- **Records excerpted from a collection**

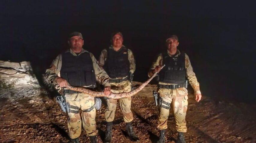 Os policiais militares da cidade de Parelhas, interior do Rio Grande do Norte, resgataram do quintal de uma residência no bairro Maria Terceira uma cobra da espécie jiboia-constritora. Os policiais foram acionados após os proprietários da residência perceberem a presença do animal na propriedade. Caso aconteceu na noite desta terça-feira (3).
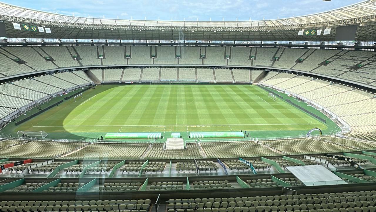 A Secretaria do Esporte (Sesporte) segue com o cronograma de revitalização do gramado da Arena Castelão, durante a pausa do Campeonato Brasileiro para o Super Mundial de Clubes da FIFA, entre os dias 14 de junho e 13 julho.
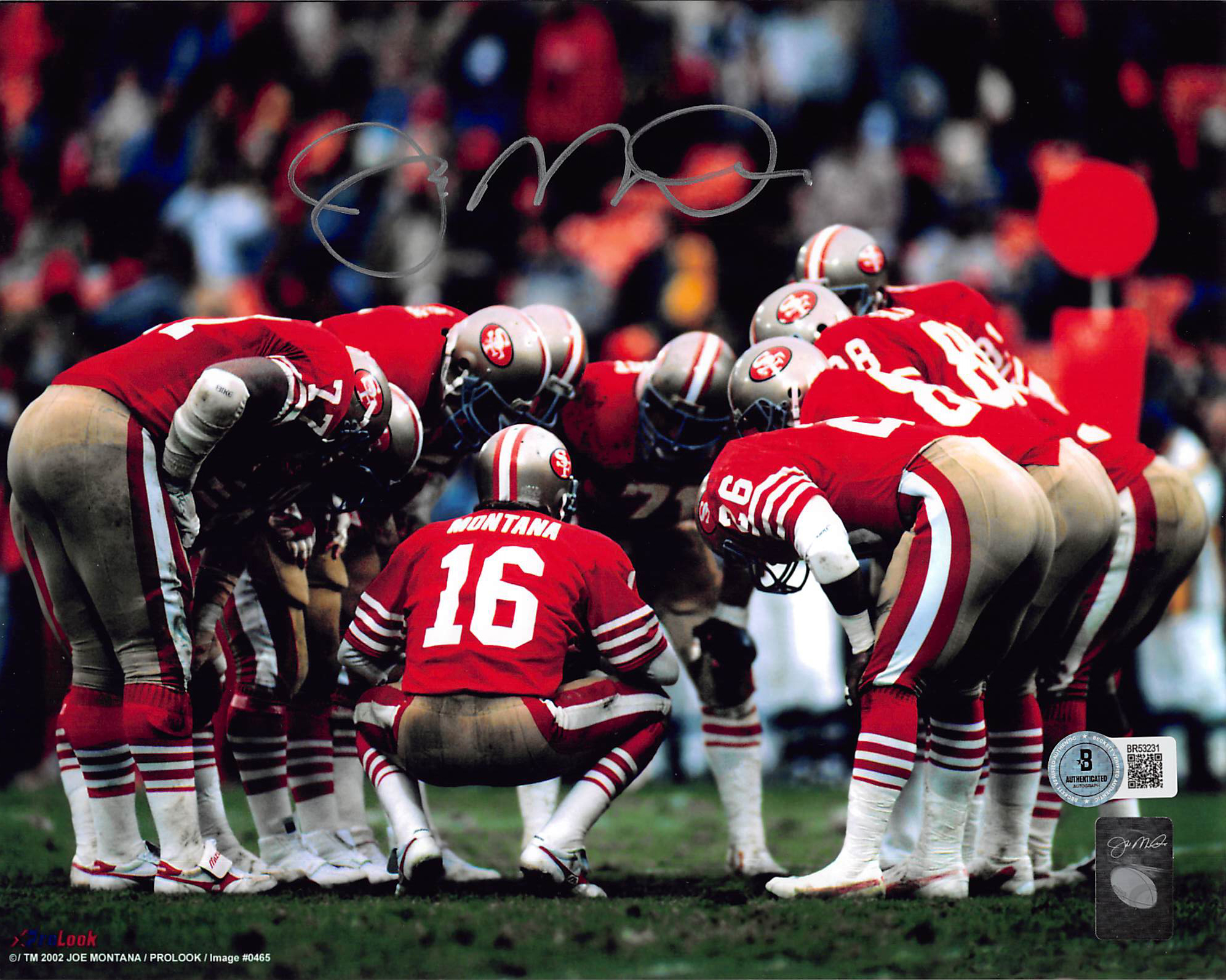 This Autographed Horizontal Huddle 8x10 Photo has been Personally Signed by Joe Montana of the San Francisco 49ers. This item is 100% Authentic to include a Certificate of Authenticity (COA) / hologram by Beckett Authentication Services. We have multiples of this same item. While the photographs are representative of this item, the size, placement and strength of the signature may vary. Each item is hand signed, therefore, each autograph is unique.
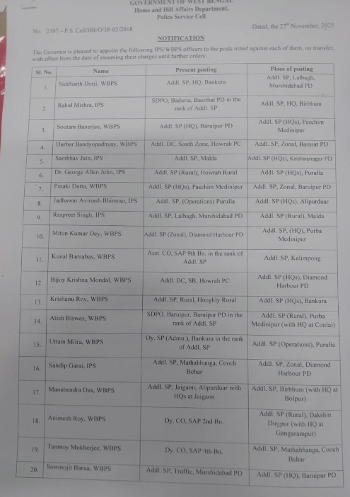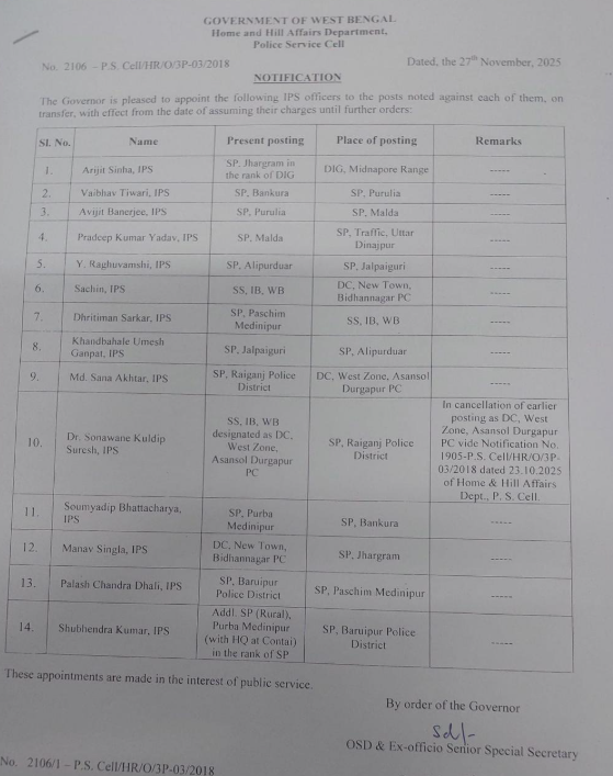 • মালদার SP প্রদীপকুমার যাদব—নতুন দায়িত্ব উত্তর দিনাজপুর SP (ট্র্যাফিক)।
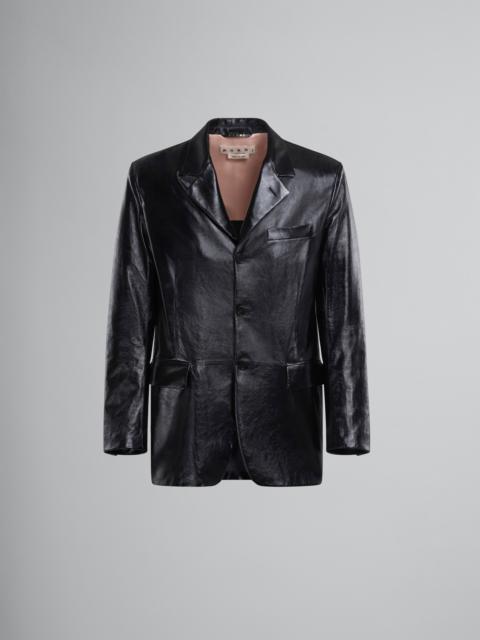 BLACK SINGLE-BREASTED BLAZER IN ULTRALIGHT NAPLAK LEATHER

- **What needs to be done**
Nothing but the exact text of the records should appear in your answer, with no pictures. Please write it out.

- **Response box**
 Os policiais militares da cidade de Parelhas, interior do Rio Grande do Norte, resgataram do quintal de uma residência no bairro Maria Terceira uma cobra da espécie jiboia-constritora. Os policiais foram acionados após os proprietários da residência perceberem a presença do animal na propriedade. Caso aconteceu na noite desta terça-feira (3).
 A Secretaria do Esporte (Sesporte) segue com o cronograma de revitalização do gramado da Arena Castelão, durante a pausa do Campeonato Brasileiro para o Super Mundial de Clubes da FIFA, entre os dias 14 de junho e 13 julho.
 This Autographed Horizontal Huddle 8x10 Photo has been Personally Signed by Joe Montana of the San Francisco 49ers. This item is 100% Authentic to include a Certificate of Authenticity (COA) / hologram by Beckett Authentication Services. We have multiples of this same item. While the photographs are representative of this item, the size, placement and strength of the signature may vary. Each item is hand signed, therefore, each autograph is unique.
 • মালদার SP প্রদীপকুমার যাদব—নতুন দায়িত্ব উত্তর দিনাজপুর SP (ট্র্যাফিক)।
 BLACK SINGLE-BREASTED BLAZER IN ULTRALIGHT NAPLAK LEATHER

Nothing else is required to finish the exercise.